M2 compared to real GDP

So again, charts of commodities ought to look something like the chart above. There is more money in the system, but it's really how much more money there is relatively since a larger economy needs more money just to keep prices stable.

I compare "economy-adjusted money" to commodity prices in the chart below using the CRB (which I use mainly because it has a long price history). I think a case can be made that commodities may have been 'bubbly' in the 1970s and perhaps in 2008 they were starting to get there, but it's hard to look at this chart and see a big bubble now.


CRB compared to economy-adjusted money

Now, certain commodities might be. This is perhaps not as good a way to compare value for individual commodities because for them we also need to consider more microeconomic demand and supply and, especially, long-term changes in the supply dynamic, but we can get an idea of general trend. Live Cattle and Wheat certainly don't look bubbly. Note that if we didn't adjust Live Cattle, it looks very much like the M2/GDP chart: it slopes upward and to the right. Ditto Wheat, although to a lesser extent. Adjusted by "economy-adjusted money," both of these look about fair.


Wheat and Live Cattle (chosen for random illustration)

Crude oil between 1986 and 2003 was pretty stable, and started to look expensive thereafter. To be fair, there are some questions about long-term supply in oil (Peak Oil and all that). I won't say anything about Gold, because whatever I say makes somebody mad. You judge. I've written before about how it makes some sense to think about Gold as an in-the-money straddle on inflation.
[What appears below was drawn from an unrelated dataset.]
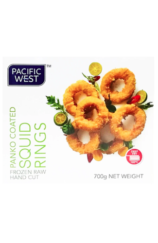 Raw, pre-fried squid rings coated in panko breadcrumbs

Gold and Crude Oil have more interesting stories (and they always do).

Finally, and perhaps surprisingly, I threw in two financial assets that are often thought of as inflation hedges for different reasons. The chart below shows the adjusted ratios of stock prices and median existing home sales prices to economy-adjusted money. Home prices look pretty reasonable on a long time scale; stocks less so, but of all of these charts I have the least intuition about how stocks should look through this lens.


Is this a reasonable way to 'deflate' financial assets?

So my overall perspective is that the symptom of high prices of certain commodities and of commodities in general in no way should produce a diagnosis of a bubble in commodities. Feel free to disagree and comment...I'm not saying this is the final word on the subject!